Active solar heatingPassive Solar HeatingLiquid Active Solar Heating

  • Air is active solar energy. Perhaps the simplest active solar heating system is an air-based system that uses fans to distribute solar-heated air throughout the living space. The collection point of solar heated air may be an attached solar space, a living room, or even a sunny corridor and insulating glass to allow sufficient sunlight. Fans used to distribute hot air can be operated manually or automatically.
  • Solar heat. In this type of system, water or antifreeze is heated by the sun in a solar collector that can be installed on a roof or on the ground. When the liquid in the collector reaches a certain temperature, it is pumped to a storage tank or a heat exchanger with hot water. According to the design method of the system, the warm fluid can be pumped to the pipeline in the radiant floor heating system or to the air processor in the water-air system.
  • Standby heating is required. Whether the house adopts air active solar heating system or solar heating system, it needs some form of backup heating system. Otherwise, building residents will have very cold nights and cloudy days.

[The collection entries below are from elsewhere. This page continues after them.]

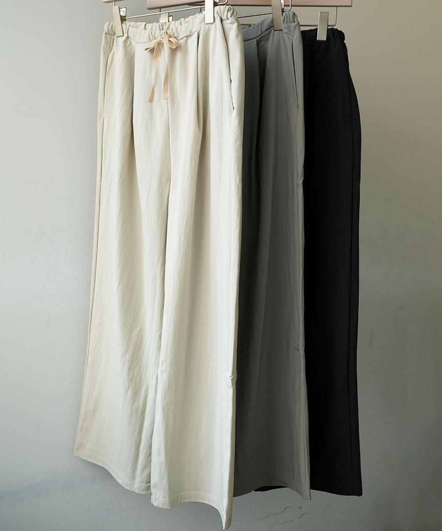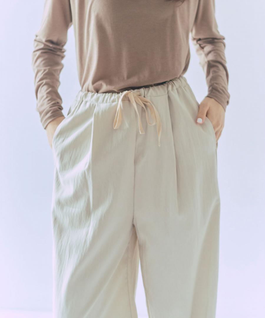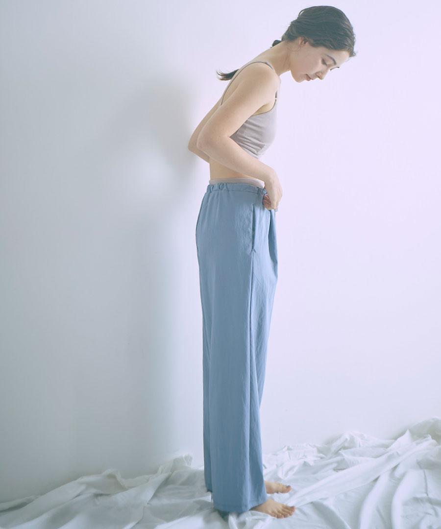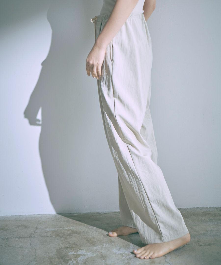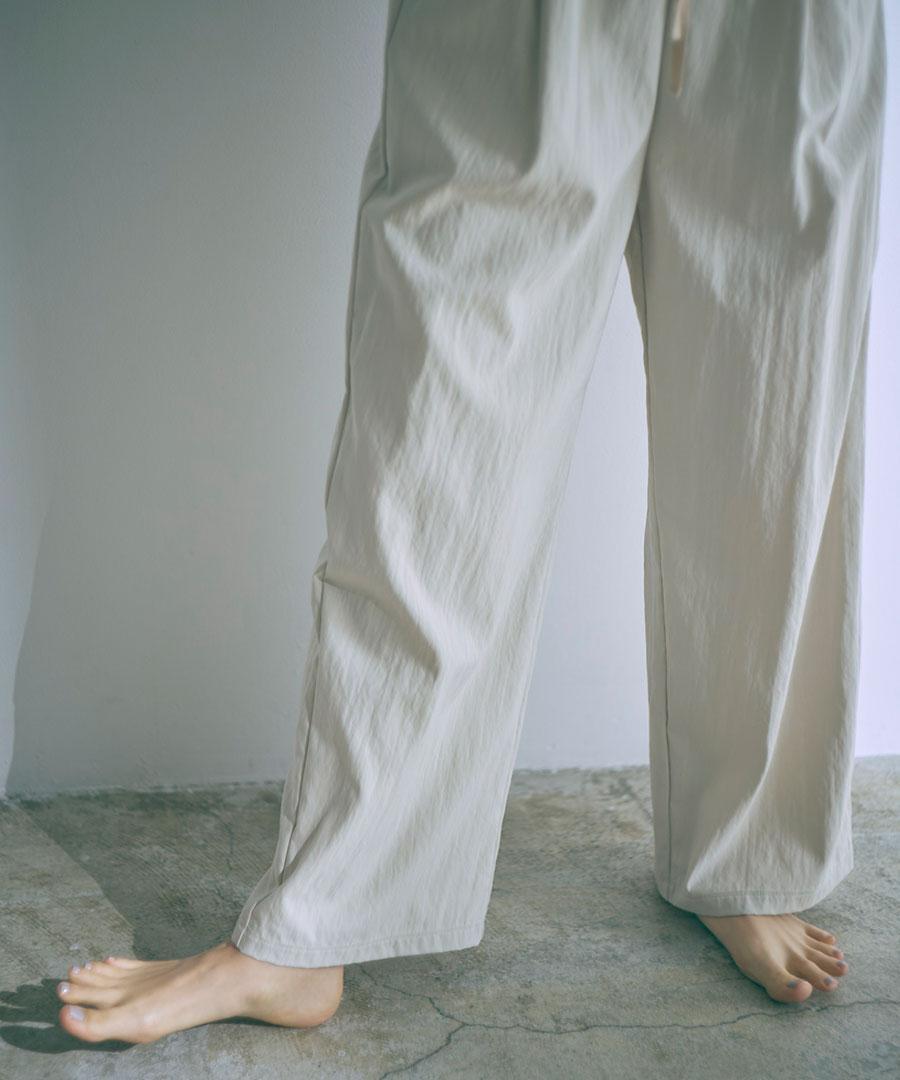 生地を裏使いすることで、さりげなくシュリンクされたマットな質感を生かしたイージーパンツです。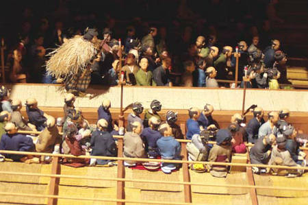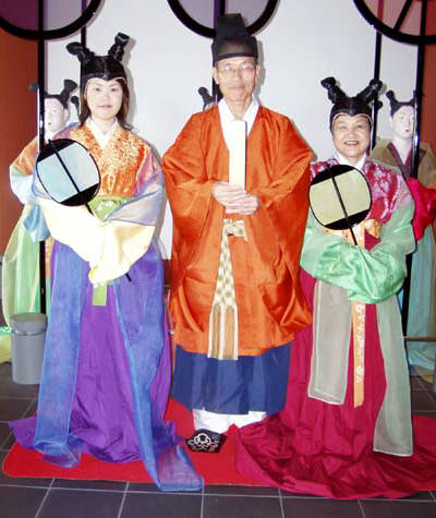 まるで高松塚から抜け出た女官のよう。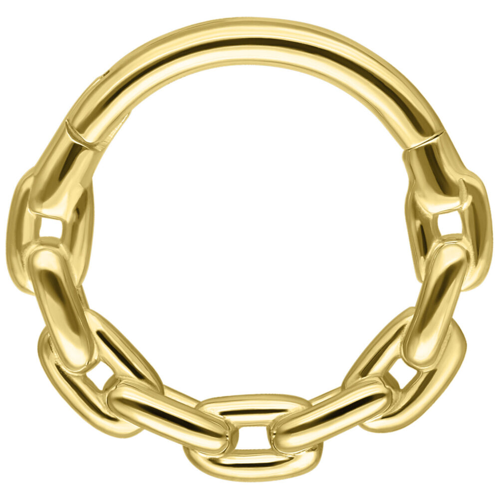The 14K Chain Ring brings timeless elegance to your piercing collection. Made from solid 14 karat gold, this fine chain design wraps around your piercing with effortless sophistication – delicate, flexible, and full of shine.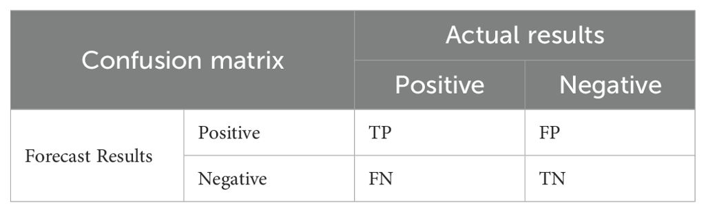 In supervised learning, confusion matrices serve as a fundamental tool for evaluating classification model performance. The matrix organizes predictions against ground truth labels: columns correspond to predicted classes, while rows represent actual classes. For a binary classification task, the matrix consists of four key components. True Positives (TP): Cases where both the actual and predicted labels are positive, False Positives (FP): Negative instances incorrectly predicted as positive, False Negatives (FN): Positive instances misclassified as negative, True Negatives (TN): Correctly identified negative cases. The structure of a binary confusion matrix is illustrated in Table 1.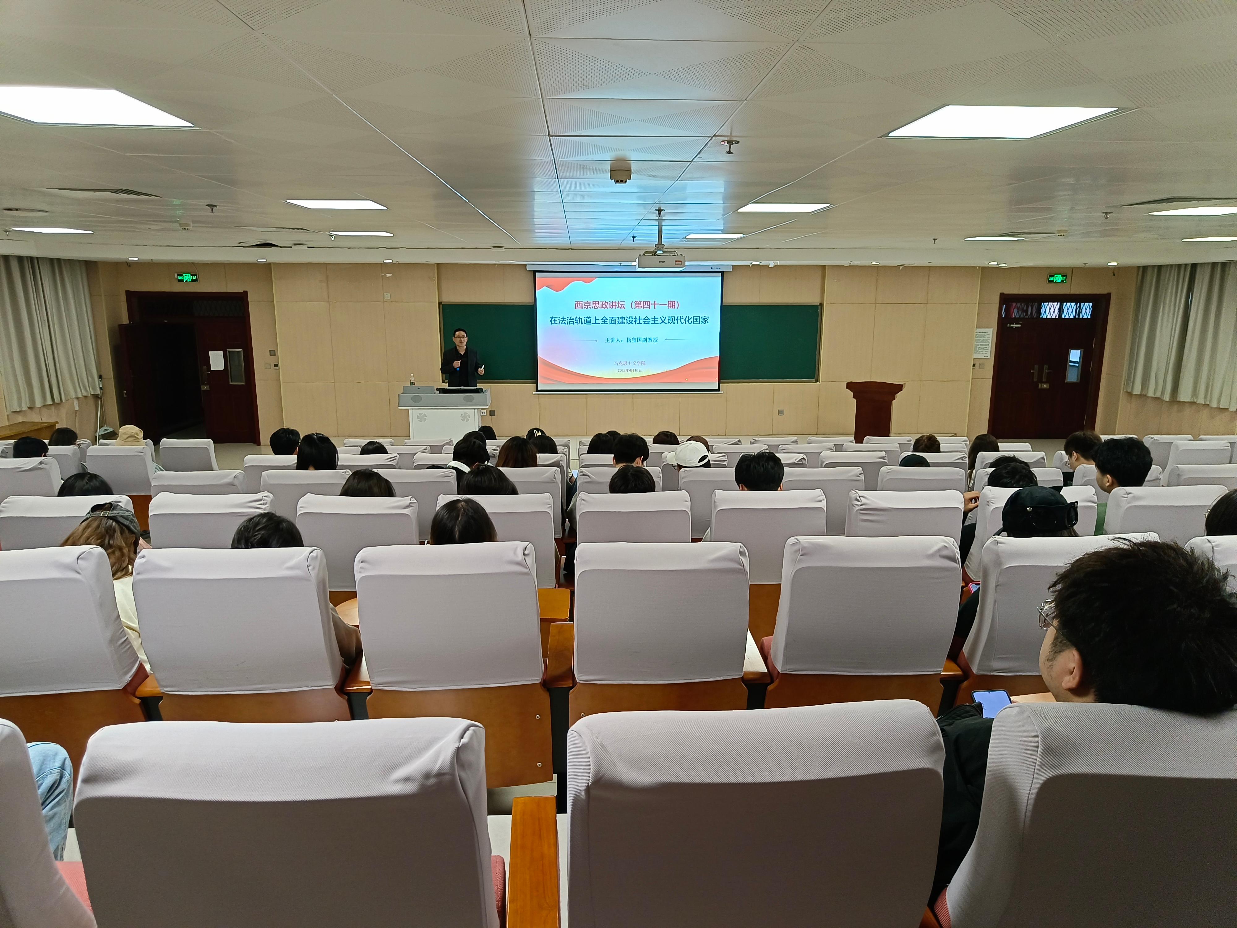 4月18日下午,第四十一期西京思政讲坛在图书馆102报告厅举行,本次活动由马克思主义学院和设计艺术学院联合主办,马克思主义学院杨宝国副教授作题为“在法治轨道上全面建设社会主义现代化国家”专题报告,130余名学生参加本次活动。

  • Sunshine, hollow glass and dark floor. There are some functions to remember to ensure optimal passive solar heating. For beginners, houses need plenty of south-facing insulating glass to allow sunlight to enter the building interior. Secondly, it is a good thing that dark floors or walls can be exposed to direct sunlight for a long time. Masonry floors and brick walls are good examples of “thermal mass” that absorbs a lot of heat – and then gradually releases it after sunset.
  • Don’t forget the shadows. It may be a curse to welcome sunshine indoors in hot summer and cold weather. That’s why it’s crucial to add shading details to any passive solar design. Sunshade, roof cantilever and external blinds are common equipment to limit summer sunlight exposure to houses.
  • Solar liquid collector is most suitable for central heating. They are the same as solar household hot water systems. Flat plate collectors are the most common, but they also provide vacuum tubes and concentrators. In collectors, heat transfer or “working” fluids such as water, antifreeze (usually non-toxic propylene glycol) or other types of liquids absorb solar energy. At the appropriate time, the controller operates the circulating pump to move the fluid through the collector.
  • The liquid flows rapidly, so when the liquid passes through the collector, its temperature increases only 10 to 20 F (5.6 to 11 C). Heating a smaller volume of liquid to a higher temperature will increase the heat loss from the collector and reduce the efficiency of the system. The liquid flows into the tank or heat exchanger for immediate use. Other system components include pipes, pumps, valves, expansion boxes, heat exchangers, tanks and control devices.

Benefits of solar heating

  • The average American family spends more than $2,000 a year on heating. The cost of heating systems that rely on fossil fuels such as oil, propane and natural gas will continue to rise.
  • By using the solar space heating system, you can use the free and sufficient energy of the sun to heat your home free of charge. The use of solar heating systems for household heating can significantly reduce fuel costs in winter. Another good advantage is that solar space heating systems can also heat domestic hot water.
  • Solar space heating systems will also reduce air pollution and greenhouse gases from the use of fossil fuels such as petroleum, propane and other petroleum products.、

Can solar heat your home?

By using solar space heating system, you can use the free and abundant energy of the sun to heat your home free of charge. Heating your home with a solar heating system can greatly reduce your fuel costs in winter. Another advantage is that solar space heating systems can also heat domestic hot water.

How much is a solar heating system?

The cost of a solar thermal system varies, but usually a pool solar water heater costs $3,500 and a solar thermal device costs $9,700. These figures include installation costs and all components (solar collectors, control panels, pipes, hot water tanks).